There’s little to gain in putting a candidate off-balance, especially if the position itself requires calm, reasonable decisions. Some interviewers do this deliberately, as a shortcut towards gaining candor. I’ll just say that I have better luck talking to candidates like a peer and a human being.
How to cheat our process
I’m currently hiring for Java developers to join our Client Services group. During the interview I usually do the following three things:
- I ask about why you want to join Safari. I ask about what you read in the job description that was particularly attractive, what you imagine you’ll be doing, and why you think that you’re a good fit for Safari. In some ways this is basic reading comprehension, and a very minimal fit question. Do you even understand what you’re applying for, and why you’d want to work here? Bonus tip for you on this section: Can you also provide information about yourself that would form the basis for the rest of the interview and set us off on your best foot?
- I ask about your work. This is where questions like “The Worst Yes” come in. I ask what you like about what you’ve worked on, and I ask about your proudest accomplishments as well as your deepest struggles. I ask about your personal approach to estimating, scoping, learning, and ensuring quality. I also ask you to name three things that you like about development, remote teams, client work, or general technology. Then I make you do tradeoffs to see what’s most important to you. Bonus tip: Can you tell us how your experiences have shaped what you’re looking for in your next workplace or career position? This doesn’t have to be “in 3 years I see myself doing this thing” (please don’t do that) but can be as simple as “I really want to be treated as a human being in my next job. I don’t want to be referred to just as a resource.”
- I ask you about how you’d work for us. I have a catalog of past dilemmas, problems and interesting challenges that we’ve encountered in the past, and I ask about how you’d approach them. I prefer this to abstract brain teasers because it’s more relevant to what the day to day job is like, and gives us a sense for whether or not you’d find the work engaging. If you ask good questions, show fine instincts, and can tell us how it reminded you of a similar issue in a past job, then those are all great. But really, what I hope for is having this as an entree for us to just talk shop and get to know each other as peers. I don’t spend my days with engineers asking them how many gasoline stations exist in Boston, but I do spend a lot of time asking them how they would improve the way we’d manage data or get better at testing our work.
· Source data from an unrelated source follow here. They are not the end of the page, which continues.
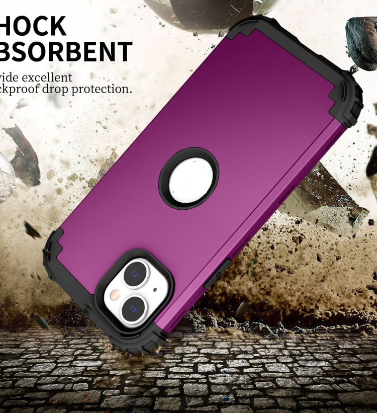 Funda de teléfono híbrida 3 en 1 para iPhone 15 Plus silicona a prueba de golpes PC (Púrpura)
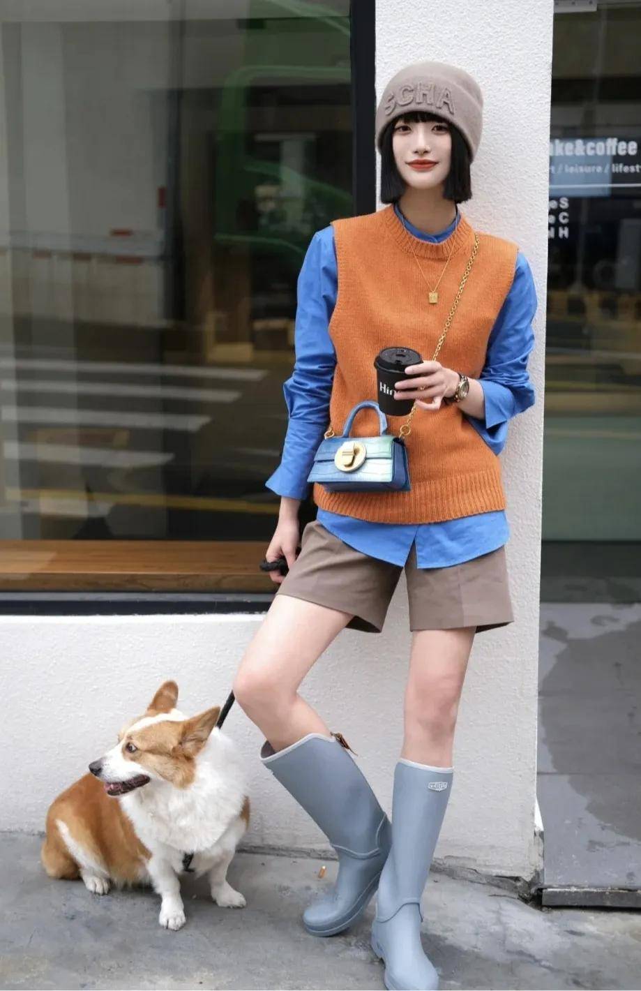 选择橙色或灰色的背心,与蓝色形成对比,下装配一条牛仔阔腿裤和一双小白鞋,或者搭配一条棕色短裤和长筒靴,既显青春活力,又穿出了与众不同,回头率很高。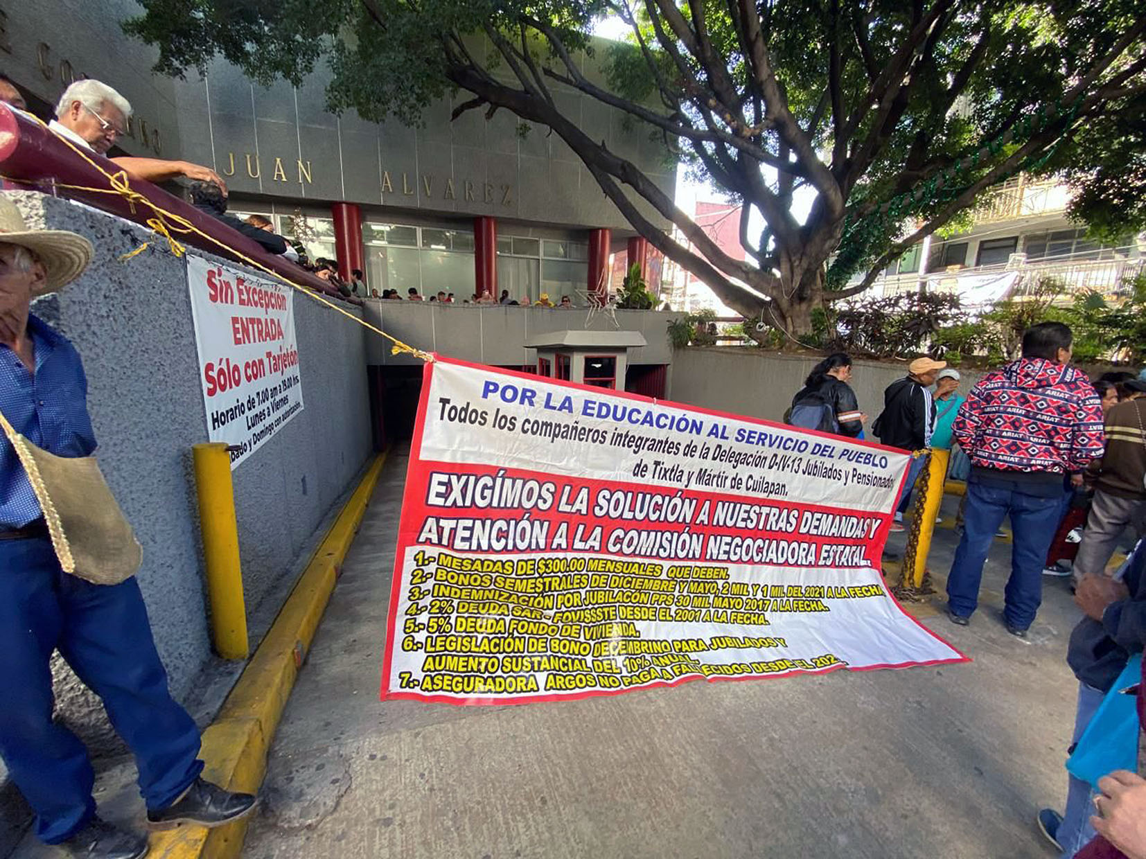 Los integrantes de la Delegación sindical D-IV-(13), correspondiente a los municipios de Tixtla y Mártir de Cuilapan (Apango), así como otras delegaciones de esta región Centro, llegaron antes de las 09:00 horas y protestaron afuera del inmueble, sobre la calle 16 de septiembre.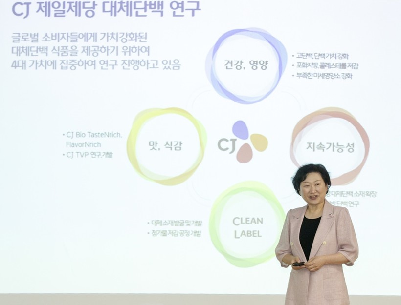 | ▲ 18일 서울 중구 CJ인재원에서 열린 Plant-based 사업 기자간담회에서 CJ제일제당 식품연구소 Science&Technology 담당 윤효정 상무가 미래 식량자원 연구 관련 내용을 발표하고 있다. [사진=CJ제일제당] |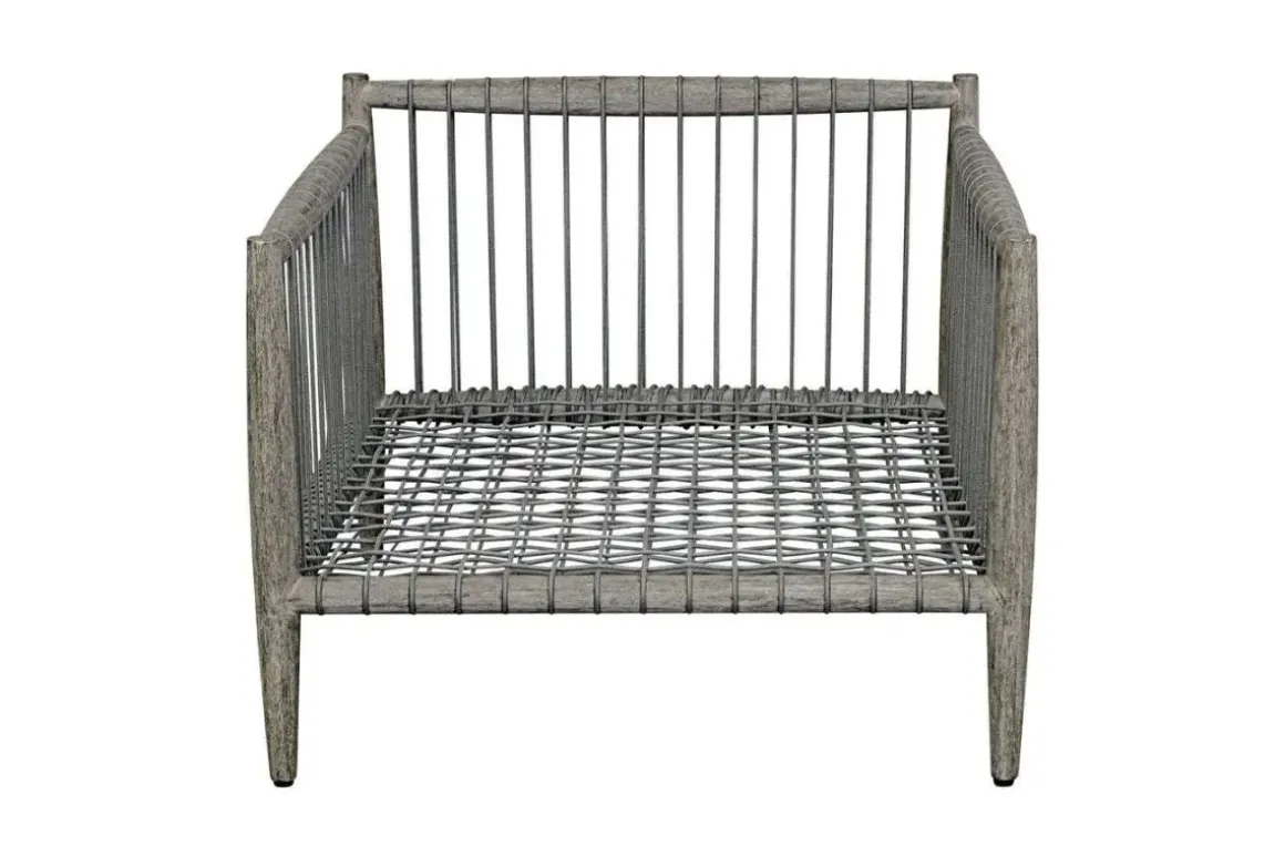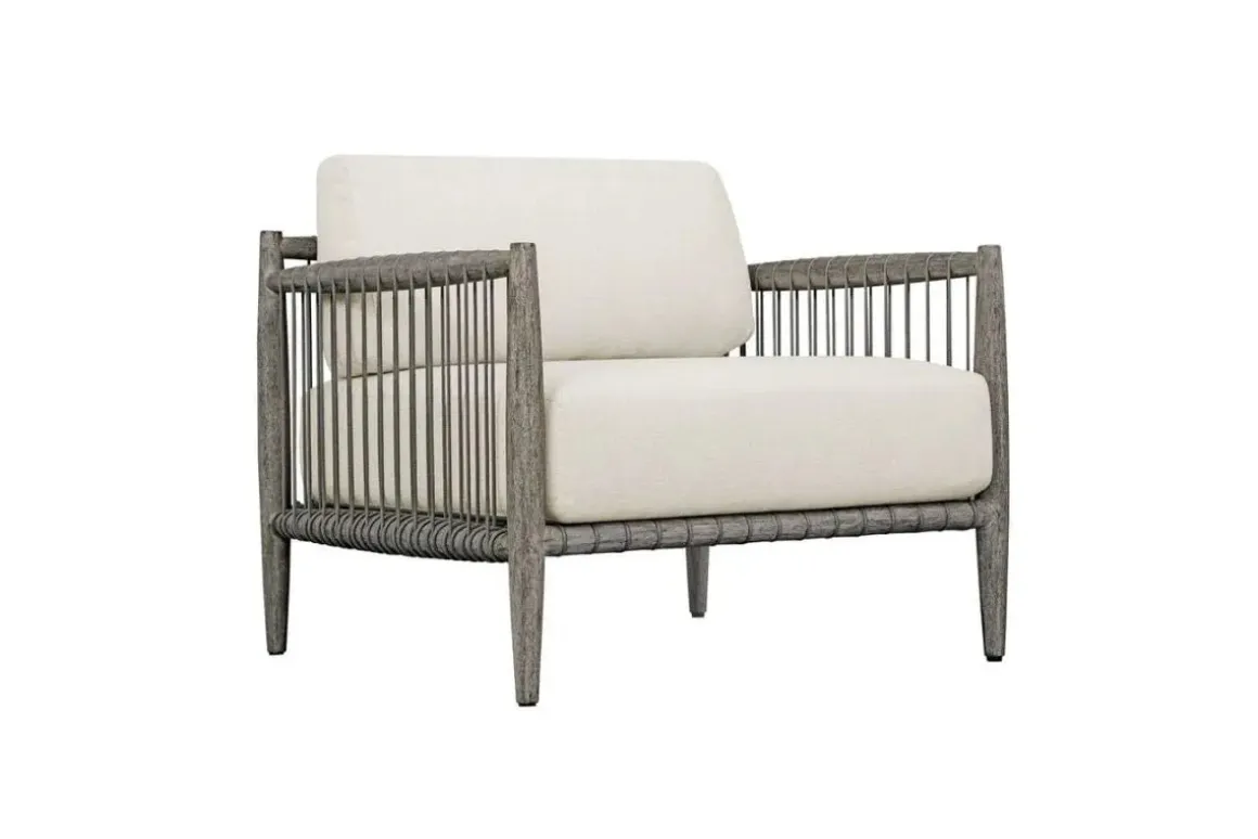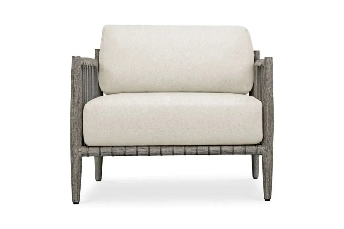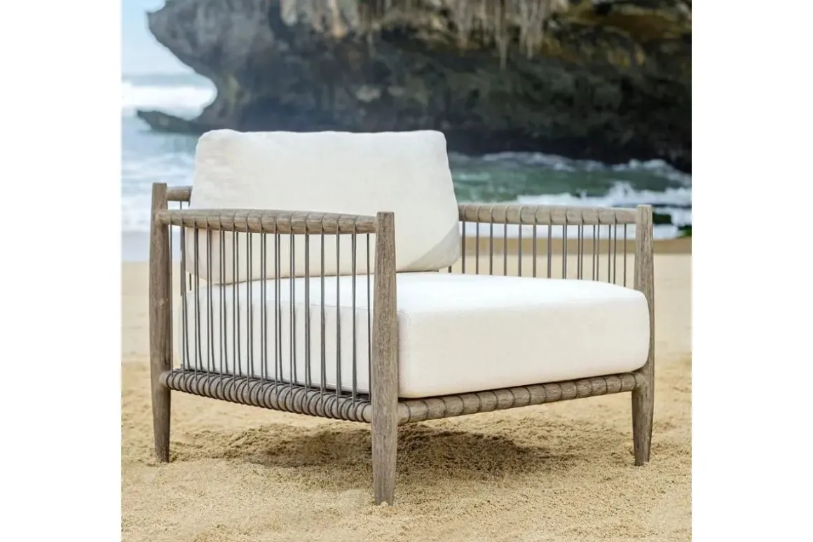 Crafted from rich, weathered dark gray mahogany and adorned with hand wrapped charcoal gray rope along the sides, the Borneo Lounge chair offers a touch of rustic elegance. Oyster white cushions in solution dyed acrylic fabric provide a comfortable contrast to the natural wood and woven accents.

Bonus tip: Can you ask good followup questions about why some of the things that we are trying to solve haven’t been solved yet?
If this all sounds like an attractive, interesting, and worthwhile way to be evaluated for a job, and if you think that you’d enjoy telling someone when you were magnificently, gloriously, and ambitiously wrong about something, then I invite you to apply. After all, you’ve already got an initial walkthrough, so you’re already a few points ahead. If you want a longer treatment of hiring philosophies in Safari software engineering, I did not write the excellent Software Craftsman, but I agree quite a lot with their chapters on Recruiting, Interviewing and Hiring Anti-Patterns.